Vincenzo Ferriolo, Appellant,
v
City of New York et al., Respondents.

—[*1] Decolator, Cohen & DiPrisco, LLP, Garden City (Joseph L. Decolator of counsel), for appellant.

Michael A. Cardozo, Corporation Counsel, New York (Julie Steiner of counsel), for respondents.

Order, Supreme Court, New York County (Eileen A. Rakower, J.), entered March 11, 2008, which, upon reargument, granted defendants' motion for summary judgment dismissing the complaint and denied plaintiff's cross motion for summary judgment on his cause of action pursuant to General Municipal Law § 205-e, unanimously affirmed, without costs.

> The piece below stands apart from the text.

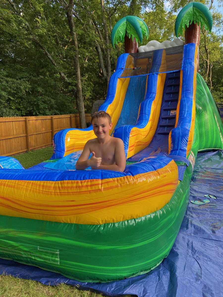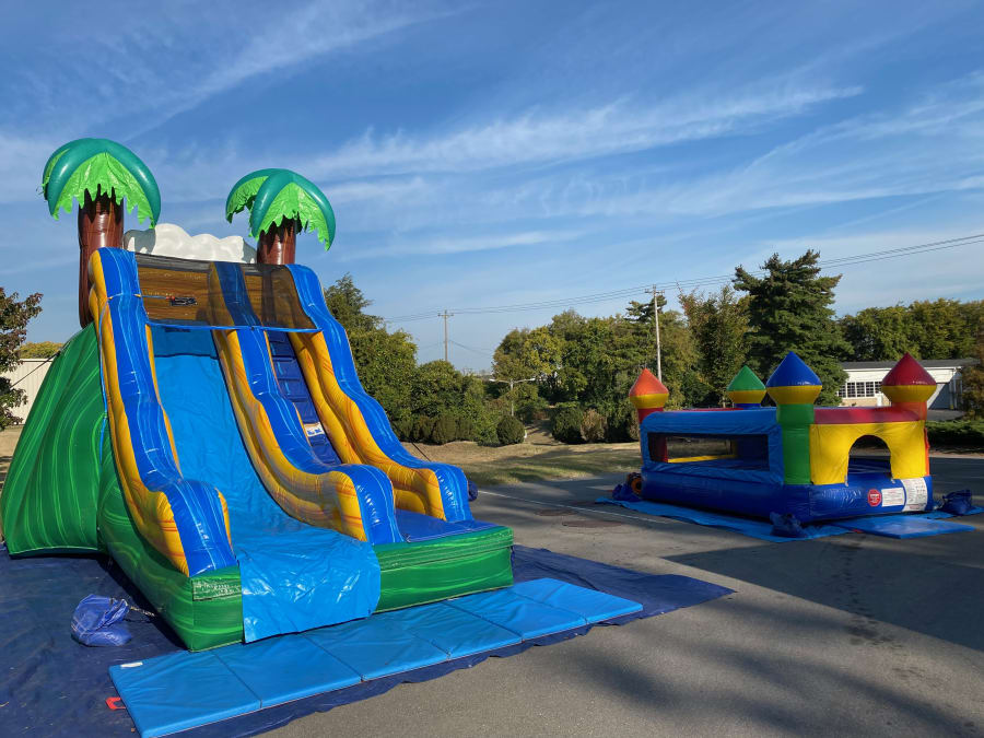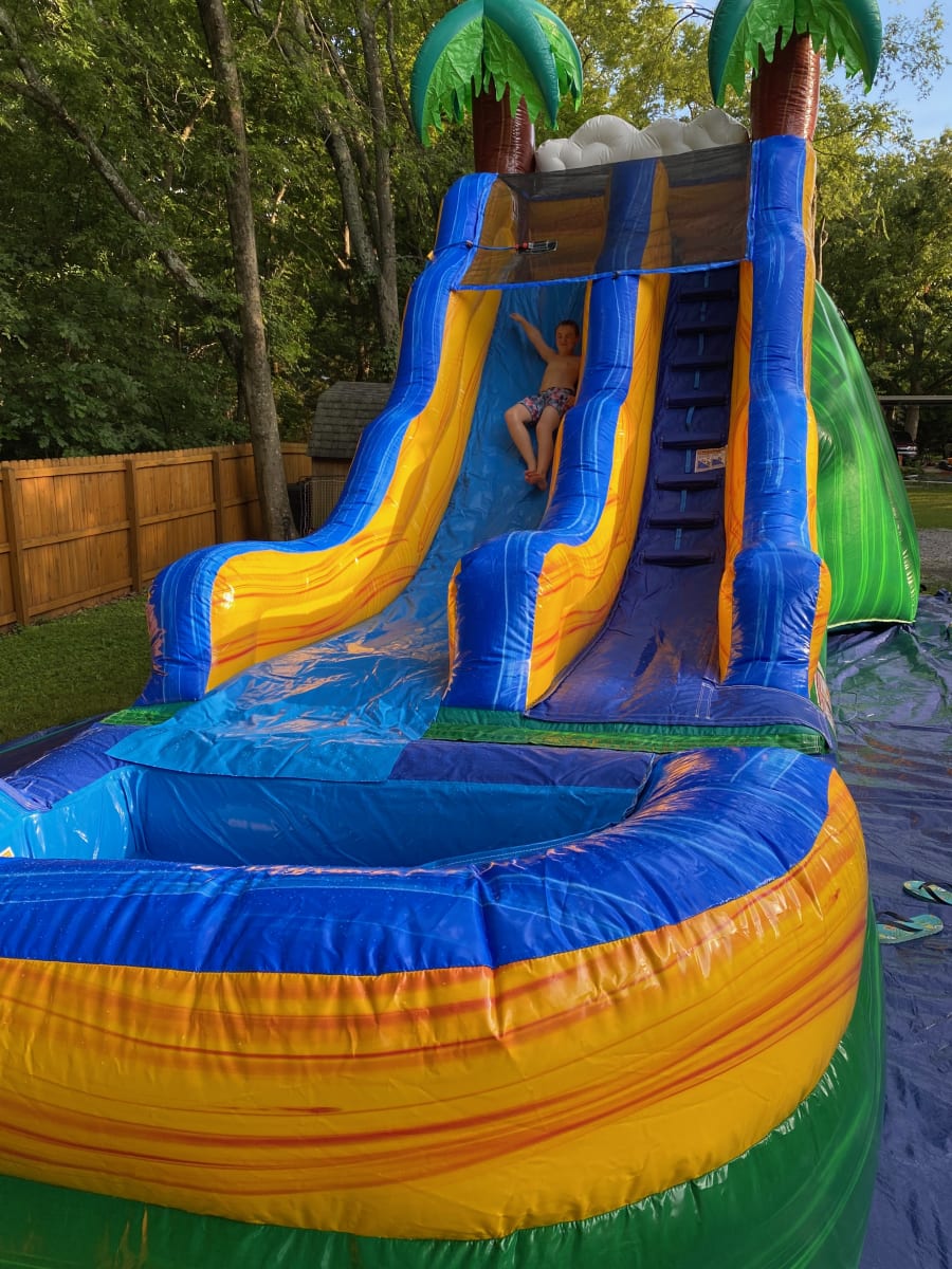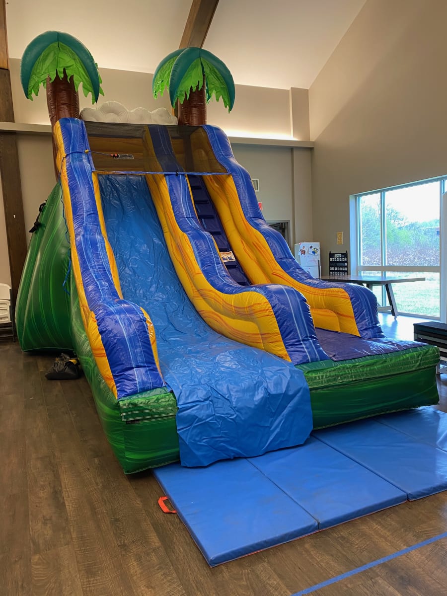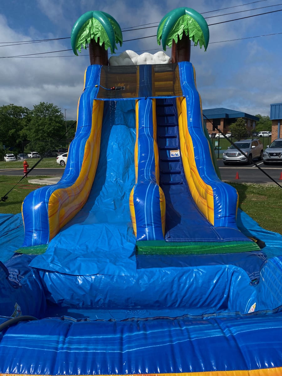 Are you ready to turn your backyard into a tropical oasis? Look no further than our Tropical Water Slide! Standing at an impressive 17 feet tall, this vibrant and thrilling water slide is perfect for all your party rental needs. Whether you're planning a backyard birthday party or a fun-filled summer gathering, this slide is sure to make a splash!

Plaintiff was present in the precinct locker room when defendant Gian, a fellow police officer, accidentally discharged his Sig Sauer 9 millimeter semiautomatic weapon. Plaintiff's femur was shattered. Gian was in the process of moving his gun from his locker to a storage locker for inventory purposes. Plaintiff was donning his uniform before beginning his tour of duty and conversing with another officer when the gun went off.

Inasmuch as Gian was moving his weapon to a different location as part of his police duties, plaintiff's exposure to the risk of injury was occasioned by the performance of police duties by his fellow officer. Had plaintiff not been about to commence his tour of duty as a police officer, he would not have been in the precinct locker room changing into his uniform, and he would not have been injured by the discharge of Gian's weapon. Thus, plaintiff's common-law negligence claim is barred by the "firefighter rule" (General Obligations Law § 11-106 [1]; Wadler v City of New York, 14 NY3d 192 [2010]).

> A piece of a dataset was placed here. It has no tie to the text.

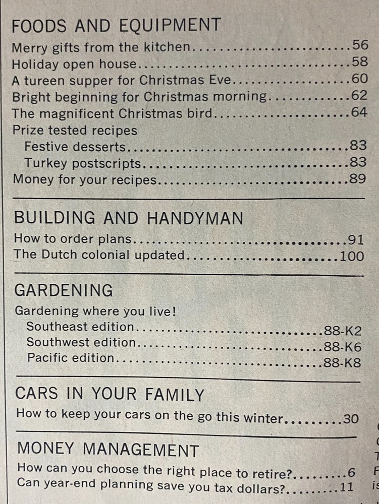 Better Homes & Gardens Magazine December 1965 The Family Christmas This December 1965 issue of Better Homes & Gardens is a festive holiday edition , packed with seasonal recipes, home improvement ideas, gardening tips, and financial advice . With a focus on traditional family Christmas celebrations, holiday entertaining, and practical winter planning , this issue is a perfect collectible for vintage magazine enthusiasts, mid-century homemakers, and holiday decorators . Item Details: Condition: Good – Includes address label, pages intact Authenticity: The item pictured is the exact one you will receive Protection: Comes with a plastic protective covering Key Features: Foods & Equipment: Merry Gifts from the Kitchen – Homemade food gifts for the holiday season. Holiday Open House – Hosting the perfect Christmas gathering. A Tureen Supper for Christmas Eve – A cozy and festive meal idea. Bright Beginning for Christmas Morning – Breakfast ideas to start the holiday right. The Magnificent Christmas Bird – Tips for preparing the perfect holiday turkey. Prize-Tested Recipes – Award-winning holiday dishes. Festive Desserts – Sweet treats for Christmas celebrations. Turkey Postscripts – Creative ways to use holiday leftovers. Money for Your Recipes – Opportunities to submit and profit from home recipes. Building & Handyman: How to Order Plans – Guidance for home improvement projects. The Dutch Colonial Updated – Modernized design ideas for Dutch colonial homes. Gardening: Gardening Where You Live! – Regional gardening tips tailored to your climate. Southeast Edition, Southwest Edition, Pacific Edition – Customized gardening advice for different U.S. regions. Cars in Your Family: How to Keep Your Cars on the Go This Winter – Winter car maintenance and safety tips. Money Management: How Can You Choose the Right Place to Retire? – Factors to consider when planning for retirement. Can Year-End Planning Save You Tax Dollars? – Financial strategies to maximize savings before the new year. Shipping & Handling: Combined shipping is available upon request. The magazine will be securely packaged with protective covering. This classic 1965 Christmas edition of Better Homes & Gardens is a fantastic piece for vintage collectors, home chefs, and mid-century holiday enthusiasts , making it a timeless guide to holiday traditions, entertaining, and practical living . Foods and Equipment Merry gifts from the kitchen Holiday open house A tureen supper for Christmas Eve Bright beginning for Christmas morning The magnificent Christmas bird Prize tested recipes Festive desserts Turkey postscripts Money for your recipes Building and Handyman How to order plans The Dutch colonial updated Gardening Gardening where you live! Southeast edition Southwest edition Pacific edition Cars in Your Family How to keep your cars on the go this winter Money Management How can you choose the right place to retire? Can year-end planning save you tax dollars?
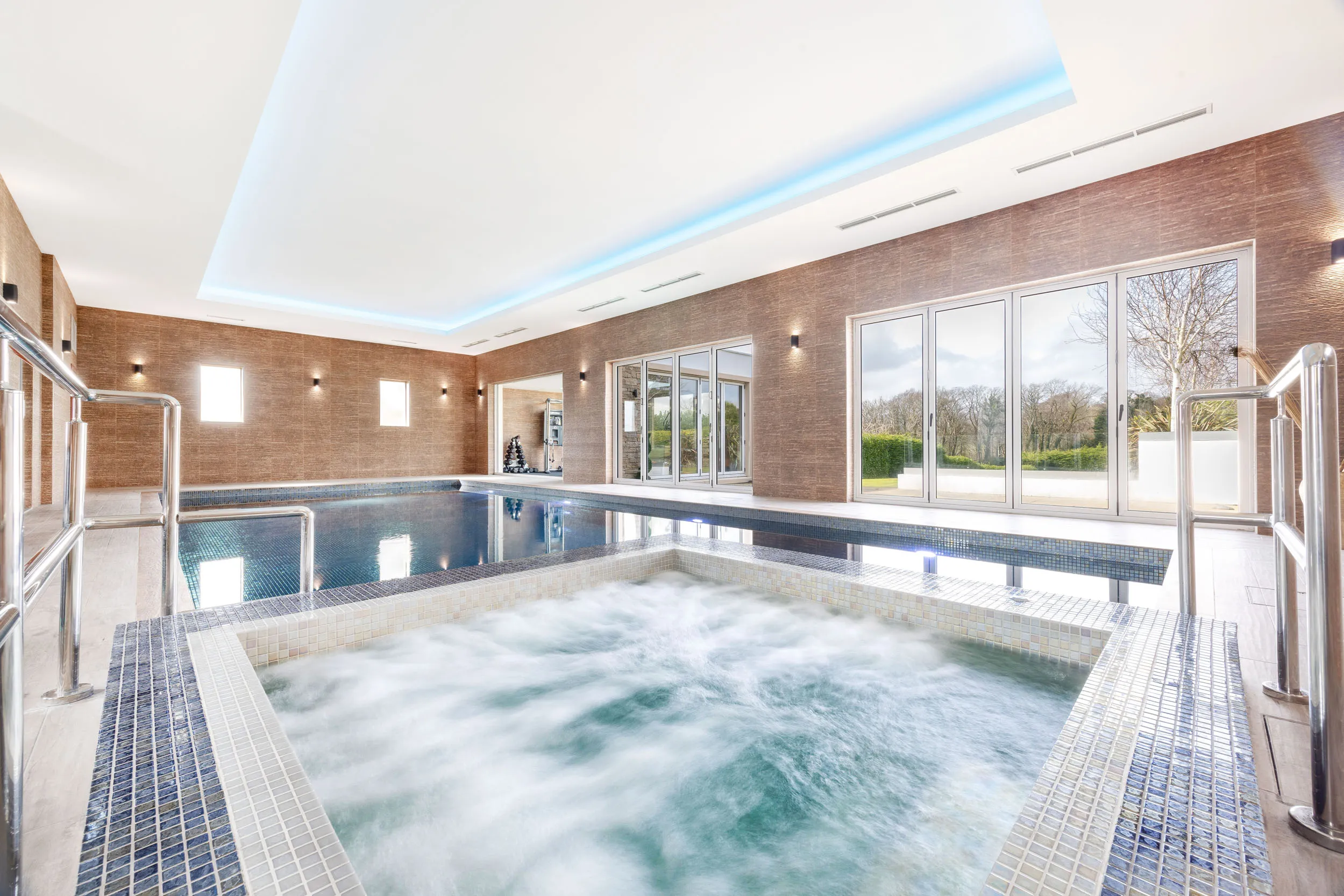 - Detached resort-style pool complex and wellness spa with a 15m pool, jacuzzi, steam room and changing facilities

The motion court correctly dismissed plaintiff's General Municipal Law § 205-e cause of action predicated upon alleged violations of the Penal Law and the Labor Law. No criminal charges were brought against Gian, and plaintiff failed to come forward with compelling evidence that Gian's conduct was criminally negligent or criminally reckless so as to overcome the presumption that the Penal Law had not been violated (see Williams v City of New York, 2 NY3d 352, 366-367 [2004]). Nor was plaintiff's injury the type of workplace injury contemplated by Labor Law § 27-a (see id. at 367-368). Concur—Tom, J.P., Friedman, Moskowitz, Freedman and Abdus-Salaam, JJ.

The decision and order of this Court entered herein on November 19, 2009 (67 AD3d 556 [2009]) is hereby recalled and vacated (see 2010 NY Slip Op 68169[U] [2010] [decided herewith]). [Prior Case History: 2008 NY Slip Op 30671(U).]